Fix Meetings to Flatten the Hierarchy
Many companies waited until remote work was forced on them to start experimenting, so it isn’t surprising that challenges come with the benefits. Flexible work can be shaped more effectively in the future, since it’s here to stay in some form. So how can it be improved?
For the past ten years, Model Meetings parent company, Science House has been training cohorts within our client companies to be half investigative journalist and half entrepreneur. We have trained hundreds of individuals to conduct interviews across their organizations and report the findings back to Science House anonymously (we know the name of the interviewer but not their interviewee) on a monthly basis. Our database is massive, and the patterns from our findings across industries are clear. We can tell you almost every problem your company is likely to face from the first day your CEO mentions a “digital transformation” on an earnings call, for example. We can tell you where to watch for trap doors no matter how good a merger or acquisition looks on paper. We can tell you what happens when leaders think culture is the word “innovation” painted on a wall but bureaucratic clutter and apathy stand in the way of creating and implementing ideas. It was this work in large part that led us to create Model Meetings.

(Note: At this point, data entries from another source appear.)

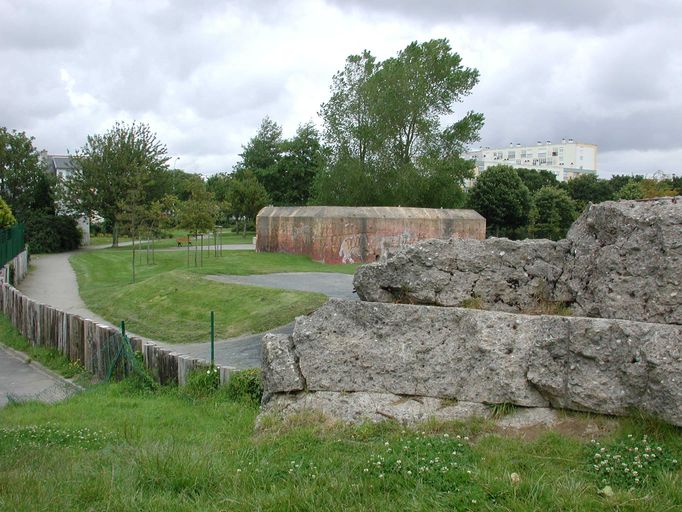Vue des vestiges de la première casemate de type H 669 de la batterie lourde de Saint-Pierre-de-Quilbignon, en arrière plan, la troisième casemateImmatriculation
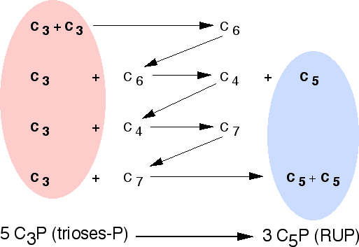On peut schématiser le processus de régénération du RuBP en considérant la fixation de 3 molécules de CO2 qui conduisent à la formation de 6 trioses. Sur les 6 trioses formés, 1 triose servira à la synthèse ultérieure des sucres plus complexes, les 5 autres trioses servant à régénérer 3 molécules de RUBP,
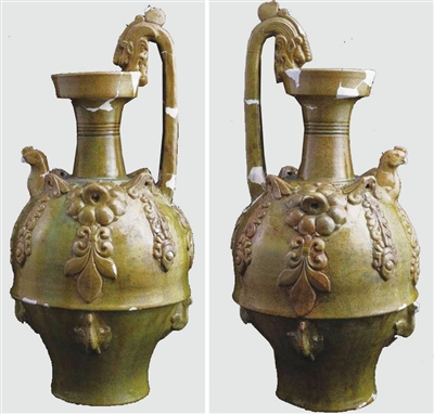 值得一提的是,青釉龙柄鸡首壶运用了多种精雕细刻的纹饰技法。在鸡首壶的表面堆雕了花瓣三角形圆孔系、莲瓣形钮、凤鸟、垂束莲和忍冬纹图案,划刻了颈部弦纹等,如此以多重堆塑装饰手段来完成的纹样装饰,十分生动地表达出了当时的人们对“群生虫豸皆有灵”这一观念的认同。南北朝时期佛教盛行,因此,象征着生命不息、解脱贫穷和疾病、趋吉辟邪、平安喜乐的佛教纹饰垂束莲、忍冬纹等图案就流行起来。
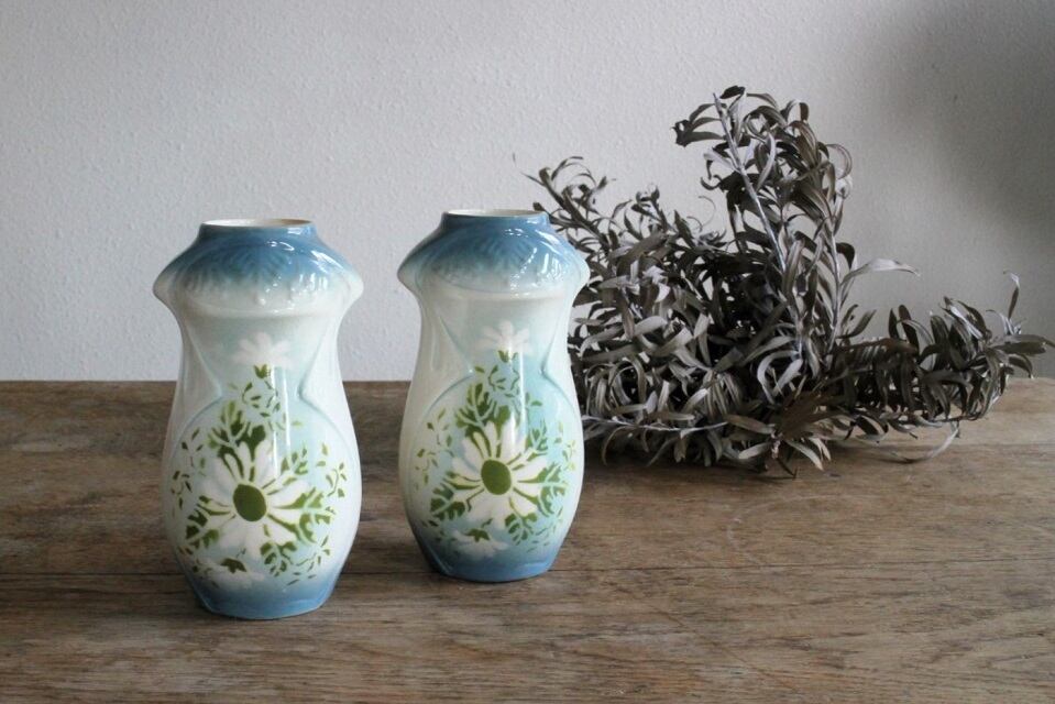 アールヌーボーなデザインにマーガレットの花がステンシルで描かれたフランスのフラワーベースです。淡いブルーのグラデーションが優しい印象です。アンティーク特有の細かい傷はございますが、ヒビや欠けはございません。
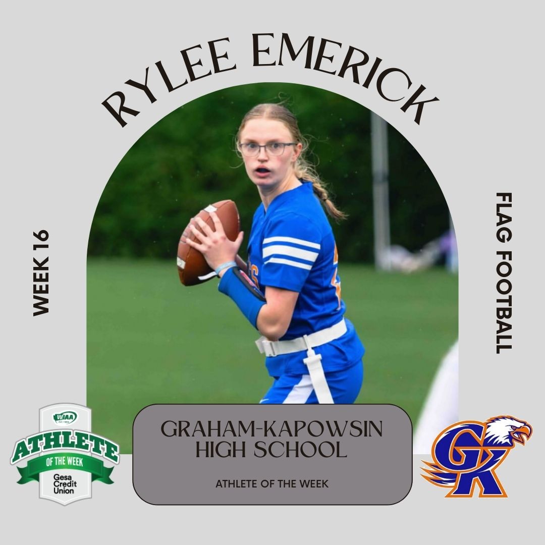 Senior quarterback Rylee Emerick led Graham-Kapowsin to two wins this week, throwing for 8 touchdowns and adding another on the ground. A two-way player, she also made a major defensive impact playing both safety and linebacker with numerous flag pulls. Off the field, Rylee is a 4-year band member and carries a 3.9 GPA.WIAA 2025-2026 Week 16 - Rylee Emerick
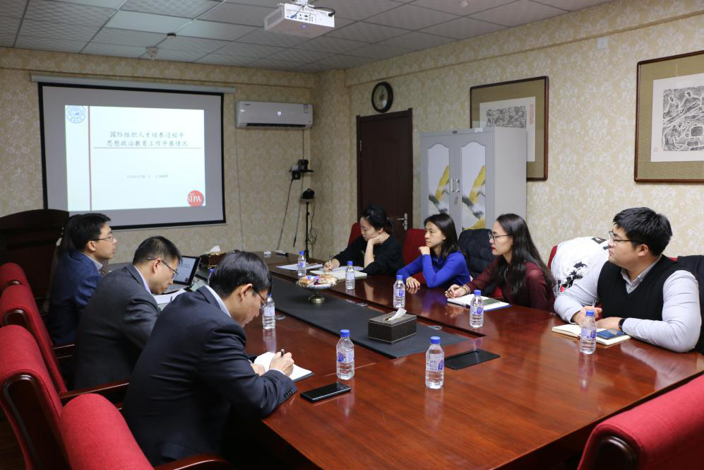 王一涵结合学生培养工作实际和相关理论研究,建议强化精英培养模式,通过思政教育提升辅导员队伍自身的业务素质,同时加强国际组织从业潜在学员的思想建设。
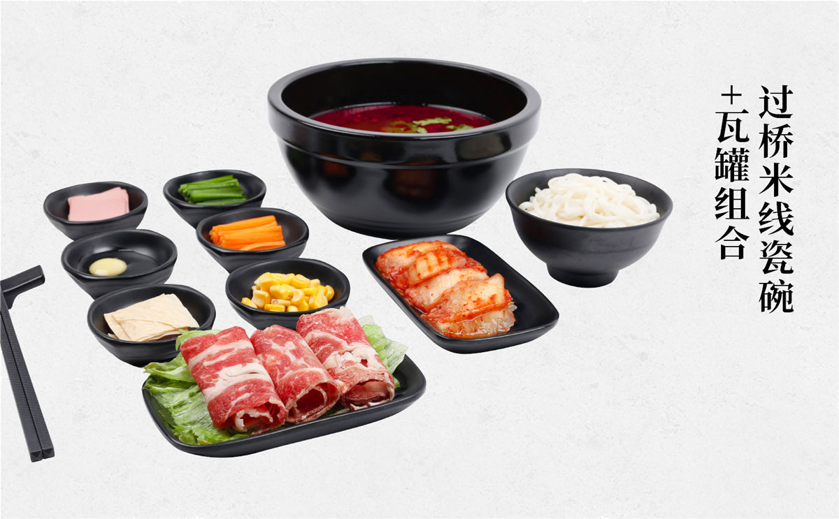 保留傳統(tǒng)過橋米線特色瓦罐拼盤的形式,在保證口味和品質(zhì)不變的前提下增加瓷碗形式,簡化出餐形式并增加翻臺率。
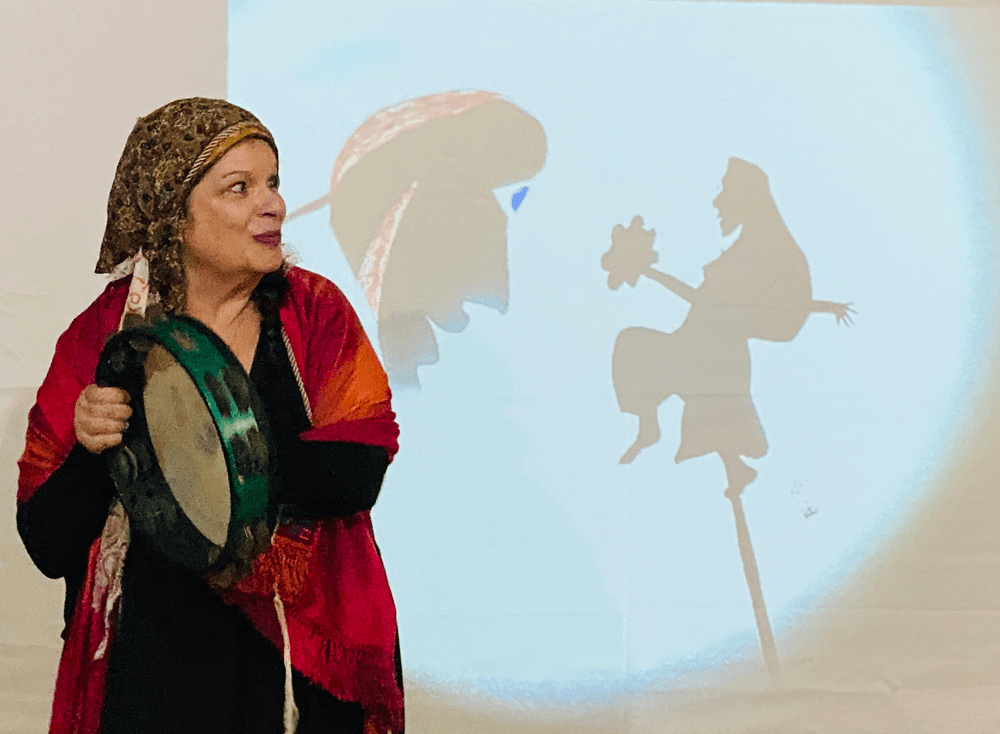 The piece began with Litwak entering as Miriam and describing a girl called Shemie who is about to jump off a bridge after the death of her grandmother. Miriam then called on “the world of shadow” as Shemie’s struggle was projected through shadow puppetry on a screen. Litwak’s use of poetic language was engaging, with her calling on the female ancestors for strength, telling us, “Let this be medicine”.
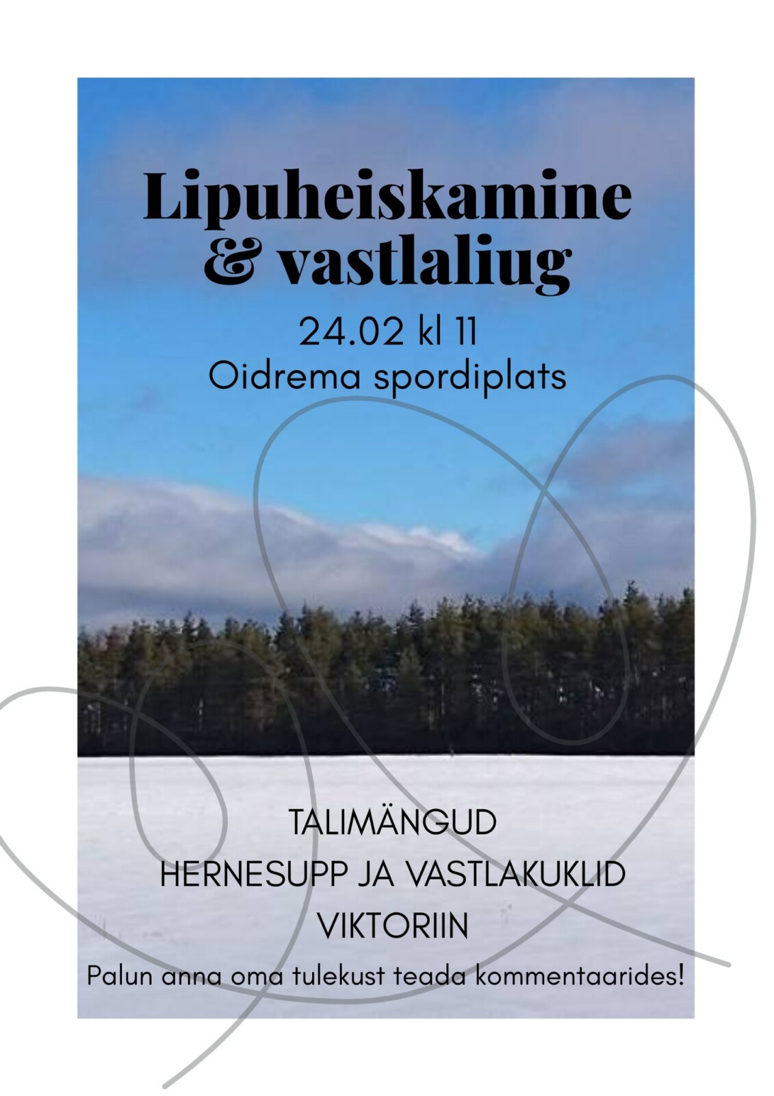 Kell 11 Oidrema spordiplatsil lipuheiskamine & vastlaliug. Aga muidugi saame kokku, et lipuheiskamisega tähistada Eesti Vabariigi sünnipäeva. Ja kui me juba kokku tuleme, siis laseme ikka liugu ka ning soojendame end pärast hernesupiga ja maiustame vastlakuklitega. Ja nagu kombeks saanud, toimub veel viktoriin, nii et pange oma mõtlemismütsid pähe!
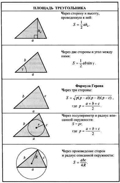 Все зависит от того, какие величины даны в треугольнике для нахождения площади.
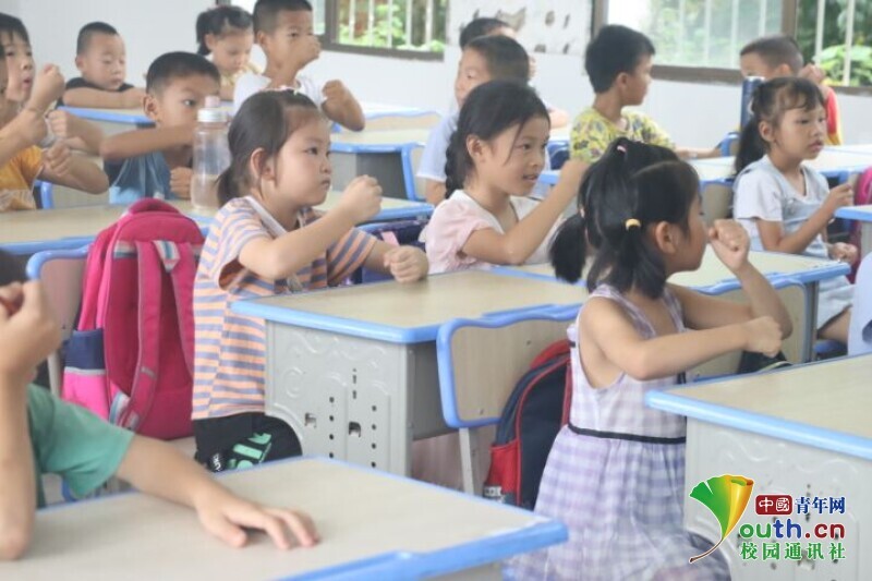 图为孩子们在手语兴趣班上认真地学习手语动作。中国青年网通讯员 段新利 摄

Harvard Business Review interviewed and surveyed senior leaders at five global businesses spanning manufacturing to consumer-facing sectors, to find out what are their biggest challenges in managing in the hybrid mode. Their observations align with problems we have seen. Here we will put a few of them in context and make recommendations based on our experience across industries.
Body Language
HBR respondents noted the difficulty of not being able to read body language in meetings as clearly as they can in person. The important question to ask is: what is it that body language does to influence the relationship of the group to the group’s goal? This sounds like a simple question that minimizes the importance of a critical social cue, but it’s really the opposite. If body language is the most critical way people reveal their thoughts and feelings, you might not have enough clear communication and role clarity.
Role Clarity
Those interviewed for the HBR piece revealed “the virtual world does not treat roles and tasks equally.” CEOs often say that they are “quite satisfied with how effective their team has been in a virtual format. Yet, second- to third-level executives, such as the VPs and country leads just below the global executive team, are more skeptical.”
In general, most CEOs don’t really know what’s happening when it comes to execution any more than the average individual contributor can fully understand the executive decision-making process. This was true before remote work became the norm, and it’s true now. Science House created Model Meetings to close the gap between strategy and execution. It doesn't help much to make unproductive meetings slightly shorter so you could make it to your next unproductive meeting on time and if you’re lucky take a break in between. Our goal is to improve the essence of how a company does business for better results and less stress. This starts with role clarity, which is one of the most pervasive challenges we see in Sense & Adapt month after month, year after year, company after company. This is especially true in organizations attempting to shift to a more agile approach when it comes to development of software or the business. New ways of working demand new levels of clarity, and it’s an ongoing process of assessment, like tuning the strings of an instrument before you play.
Flattening the Hierarchy
“Many executives said that in a hybrid setting, their organizations have been moving further towards a flatter hierarchy,” according to HBR. “Most have also been seeking to boost the empowerment of employees, who need to make more and quicker connections across geographies and business units during Covid-19. Executives noted that collaboration across business units has helped foster innovation; some even said that best practice sharing among industry players has increased.”
Science House clients often state a desire for a flatter hierarchy, but it’s painful to put into practice because the org chart is the org chart and someone has to make decisions. From a Model Meetings perspective, it’s about making better decisions. The flatter the org, the better the decisions. Model Meetings is not a linear system. It’s a flywheel that starts with learning to generate knowledge, innovation to generate ideas, commitment to generate sound decisions and alignment to produce a plan infused with all of these steps. And the plan doesn’t remain fixed. Priorities shift, emergencies shatter the status quo, new awareness wakes people up. Customer needs evolve.
One answer to all of these problems is to improve the way we encounter each other and our work. Those encounters have a name: meetings. Model powerful meetings from the top and you will achieve more role and process clarity and a flatter, more functional organization.